Britain’s Prime Minister Liz Truss said on Tuesday she was ready to make “unpopular decisions” such as raising bonuses for wealthy bankers to prop up the country’s sluggish economy.
Speaking ahead of an emergency government budget statement on Friday, Truss said tax cuts were key to spur economic growth, even though they benefit the wealthiest more than the poorest.
“We have to make tough decisions to fix our economy,” Truss said.

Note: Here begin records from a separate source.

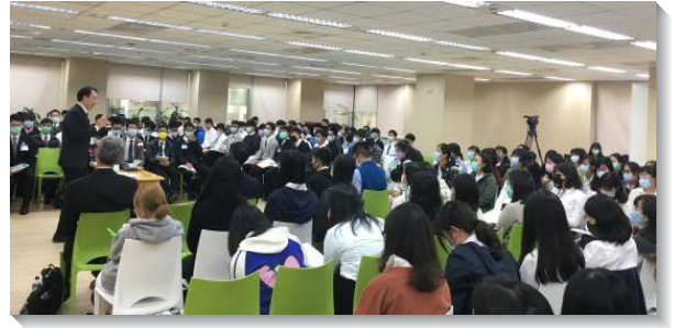
▲大學聖徒期初特會在信基十三樓舉行

第四篇『傳揚全備的福音並照著神牧養』和第五篇『在使徒行傳的繼續裏基督的擴增』，給我們看見，整卷使徒行傳的繁殖是生生不息的。第一章是繁殖的準備，從第二章開始就一直繁殖到第二十八章。弟兄說到，在福音一面需要將『身體獻上』，使基督在地上得著繁殖，使我們都成為基督的『複本』，外面雖
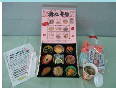
孫心弁当とプレゼント

津山商業高校では「孫心弁当の取組」を実施する中で、商業高校での学びと社会とのつながりを実感できます。
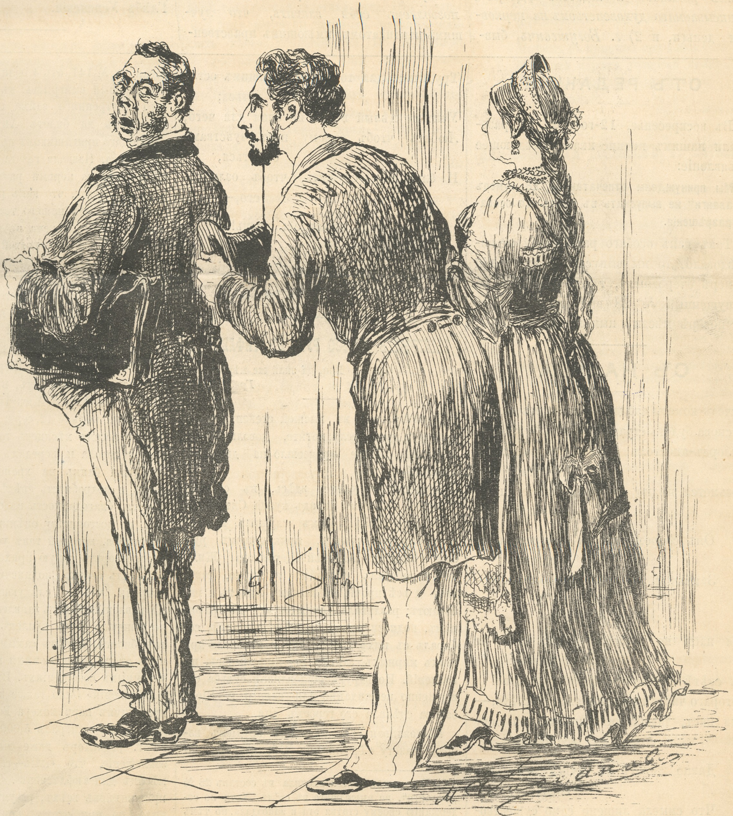
— Позвольте пройти! — Куда лѣзешь?
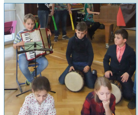
Kein Musikunterricht im Land der Musik? – S. 50
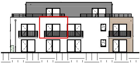
Façade Ouest - Échelle au 1/400ème

NOTA : Ces plans de vente ont été extraits du dossier de permis de construire. Les plans techniques d'exécution seront réalisés ultérieurement et feront figurer les implantations électriques ainsi que les radiateurs. Des modifications et des ajustements techniques sont susceptibles de faire évoluer les plans. Les éléments de mobilier ( meubles, appareils ménagers et plan de travail) ne sont placés qu'à titre indicatif
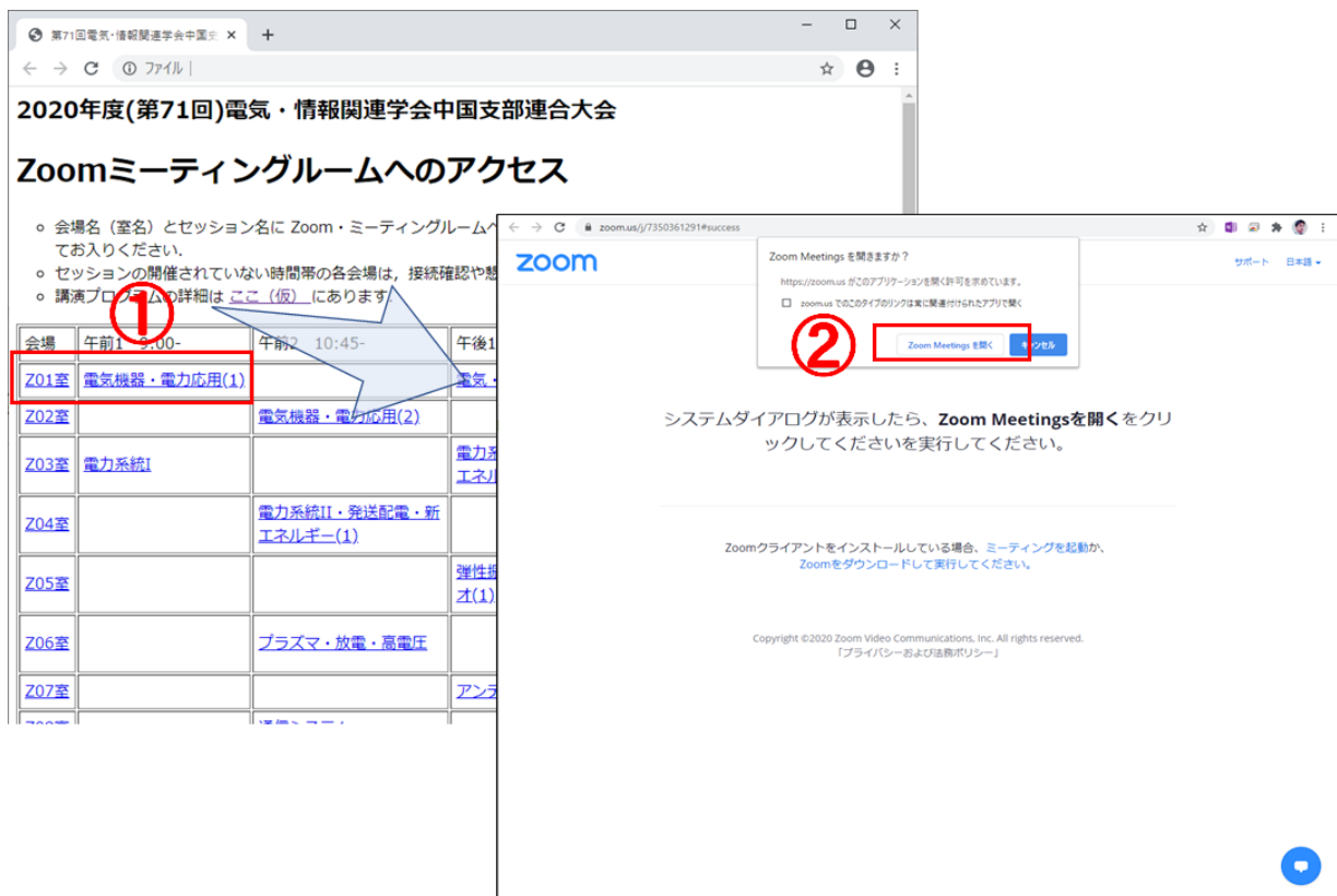
図 2 Zoom ミーティングルームへの接続
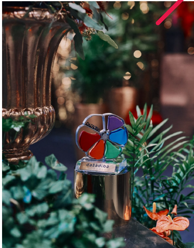
Attēls: “Dažādībā ir spēks” balvas darba devējiem

SIF sadarbībā ar Ventspils Augsto tehnoloģiju parku jau piekto gadu aicinājis darba devējus veikt kustības “Dažādībā ir spēks” pašnovērtējumu, lai izvērtētu dažādības vadības un iekļaujošas darba vides principus. Šogad pašnovērtējumu veicis lielākais darba devēju skaits kopš kustības dibināšanas brīža – 46 darba devēji. Darbu pie iesniegto anketu izvērtēšanas uzsākuši kustības eksperti, kuri sniegs darba devējiem individualizētus ierosinājumus darba vides pilnveidošanā. Noslēdzoties izvērtēšanas posmam, iekļaujošākie darba devēji tiks godināti apbalvošanas ceremonijā, bet pārējiem pašnovērtējumu veikušajiem darba devējiem tiks nodrošinātas dažādības vadības apmācības. 2022. gada dalībnieku saraksts meklējams ŠEIT .
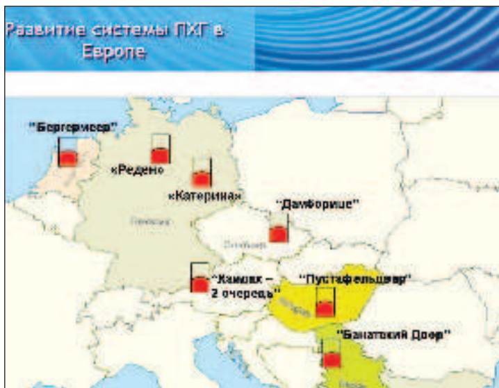
Газови хранилища в Европа

беше пуснат в експлоатация през 2012 г. Миналата година по него Европа получи 58,8 млрд. куб. м руски газ. В момента неговият дял на европейския пазар е около 37 процента. Напоследък в сътрудничество с "Газпром" бяха разширени някои подземни газови хранилища (ПХГ) в Германия, а Сърбия, Унгария, Босна и Херцеговина сега са гарантирани от хранилището "Банатски двор", изградено също с руско участие. Тази година европейските ПХГ се зареждат с ускорени темпове. В определена степен това се дължи
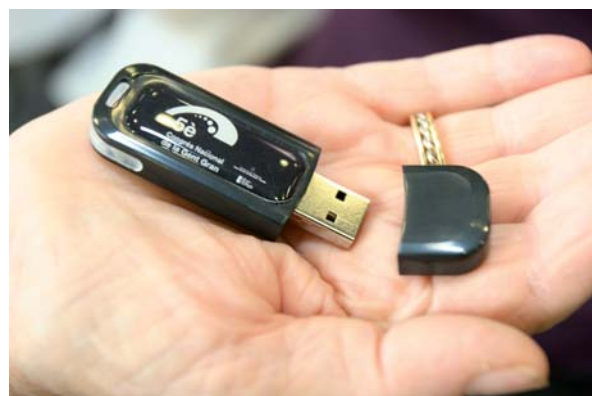
USB, pendrive o llapis de memòria que contenia les conclusions i el Manifest
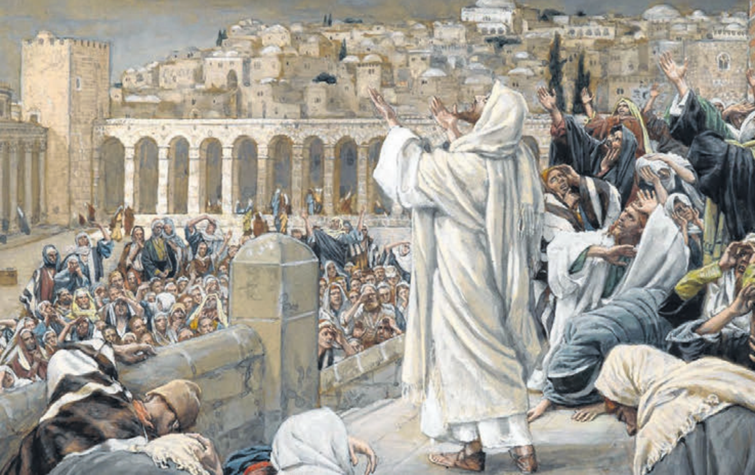
Ilustración: obra de James Jaques-Joseph Tissot (1836-1902).
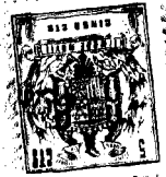
FIG.1 93242 FIG.2
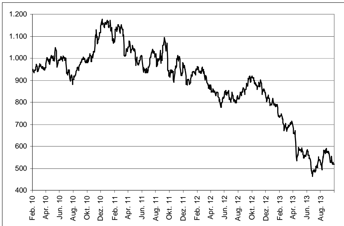
Abb. 1: Wertentwicklung unter Einbeziehung aller fondsinternen Kosten sowie des Ausgabeaufschlages bei Erstanlage. Individuelle Kosten wie Depotgebühren sind nicht berücksichtigt. Unter Einbeziehung dieser Kosten würde die Wertentwicklung niedriger ausfallen. Berechnet gemäß Bundesverband Investment und Asset Management e.V. (BVI).

“We have to look at our tax rates. So there is a need to make corporation tax competitive with other countries so that we can attract that investment. Truss, who has been prime minister for only two weeks – a period marred by the death of Queen Elizabeth II – is under immediate pressure to deliver on his promises to deal with a cost-of-life crisis heading towards Britain and a potential economy have to face. long recession,
It has already announced a cap on household energy bills, meaning the average cost of heating and electricity will be no more than £2,500 ($2,872) per year – far less than forecast. And she says businesses will get details of similar relief on Friday.
But the truce has refused to extend an unexpected tax on oil and gas companies imposed under Boris Johnson’s previous government, and is scrapping plans to raise the corporation tax.
Critics say his free-market, low-tax economic ideas, inspired by the likes of Margaret Thatcher and Ronald Reagan, are the wrong response to the crisis.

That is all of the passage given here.